Will gain seats in October, Liberals insist
With four months to overcome a massive spread in the polls, Newfoundland and Labrador's Liberals are spending this weekend looking for a way to take the wind out of Premier Danny Williams's sails.
The Liberals, who launch their annual convention Friday night in Gander, have long been trailing Williams's Progressive Conservatives by more than 50 points, according to a succession of tracking polls by Halifax-based Corporate Research Associates.
The latest poll, released earlier this week, showed the PCs had 73 per cent of decided voter support, far ahead of the Liberals' 19 per cent. The New Democrats has seven per cent.
The PCs have dominated CRA polls for more than two years. The last time the Tories and Liberals were competitive in polling data was in June 2004, shortly after a bitter one-month public service strike.
Yvonne Jones, a Liberal who has held the southern Labrador district of Cartwright-L'Anse au Clair for the Liberals since 1996, said polling data will become meaningless when the election campaign kicks into gear in earnest in the months ahead. The general election is scheduled for Oct. 9.
"We're going to win seats on the ground, in various areas of this province," Jones told CBC News.
"And we're going to come back to the house of assembly in the next session with more members than we have right now."
The Liberals currently hold 12 of the legislature's 48 seats.
Byelection victories
Despite Tory dominance in public opinion polls, the Liberals and the NDP were able to push back against the Williams machine inrecent byelections.
Last fall, NDP Leader Lorraine Michael held off a bid by star Tory candidate Jerome Kennedy in the St. John's district of Signal Hill-Quidi Vidi.
Liberal MHA George Sweeney— who will be squaring off against Kennedy, a prominent St. John's criminal defence lawyer, in Carbonear-Harbour Grace in October— discounts the poll spread, as well.
"Just how accurate that poll is, you know, I'm not hearing it in my district, and a lot of other districts outside the city… are not showing 70 per cent, let me tell you," said Sweeney.
The margin of error in the latest poll is 4.9 per cent, which is comparatively wide for a provincewide poll.

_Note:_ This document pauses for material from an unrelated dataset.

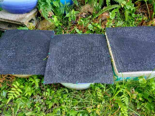 左右の他の水鉢はミジンコが暑くて半減、急ぎカインズとダイソーで材料調達で
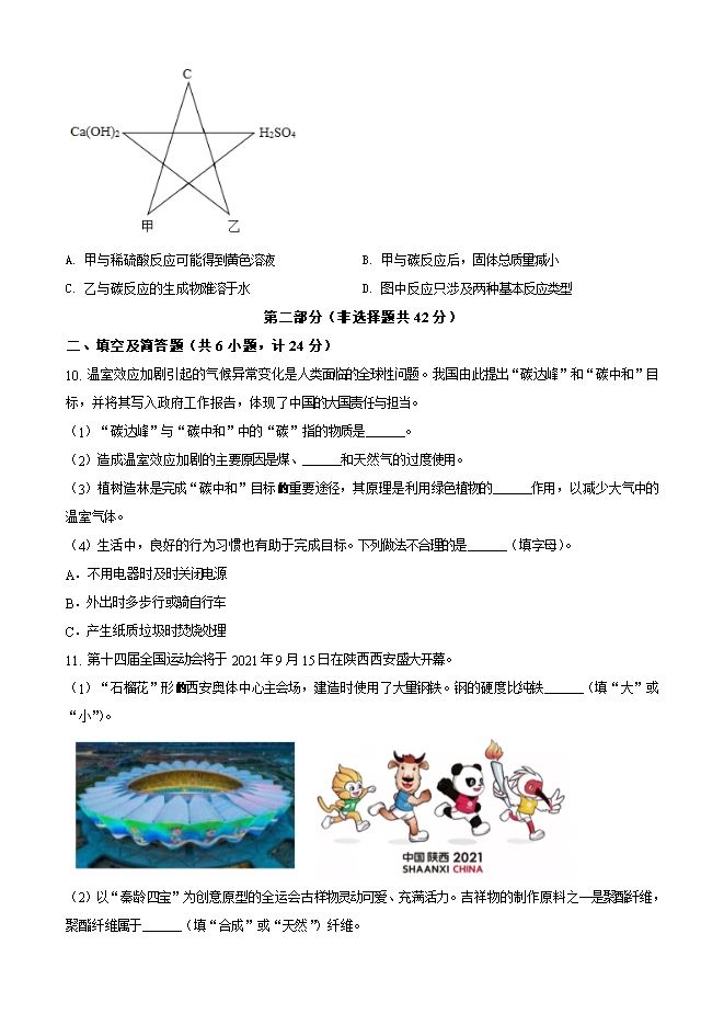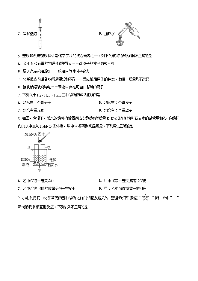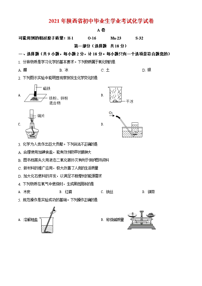 【内容简介】一、选择题(共9小题,每小题2分,计18分。每小题只有一个选项是符合题意的)1. 分辨物质是学习化学的基本要求。下列物质属于氧化物的是A. 醋 B. 冰 C. 土 D. 银2. 下列图示实验中能明显观察到发生化学变化的是A. B. C. D. 3. 化学为人类作出巨大贡献。下列说法不正确的是A. 合理使用加碘食盐,能有效预防甲状腺肿大B. 图书档案失火用液态二氧化碳扑灭有利于保护图书资料C. 新材料的推广应用,极大改善了人类的生活质量D. 加大化石燃料的开发,以满足不断增长的能源需求4. 下列物质在氧气中燃烧时,生成黑色固体的是A. 木炭 B. 红磷 C. 铁丝 D. 镁带5. 规范操作是实验成功的基础。下列操作正确的是......

Sweeney's comments, meanwhile, point to where the Liberals may be focusing their strategy. With no seats in the St. John's area to call their own, the Liberals have been pressing Williams hard on his agenda for rural communities.
Liberal leadership turnover
The Liberals went through internal turmoil in 2006, with Jim Bennett, an unelected lawyer from Daniel's Harbour, acclaimed as leader. He resigned only a few months later, after reports of conflicts with members of the caucus.
Twillingate & Fogo MHA Gerry Reid, who had served as interim leader following former premier Roger Grimes's retirement, took over the party's leadership after Bennett quit.
Tory members of the house of assembly tried not to gloat openly about the ongoing lead in the polls they have enjoyed. For John Hickey, a Labrador MHA who serves as transportation minister, the Liberals can only blame themselves.
"We see the lack of leadership over there on the Liberal side. Basically they're bankrupt of any new ideas and policies," Hickey said.
Nonetheless, Tory members of the house have made cracks through this spring's legislative session at the Liberals' expense, including over a "super weekend" of star-candidate nominations thatdelivered far lesscampaign-building buzz than the party had wished.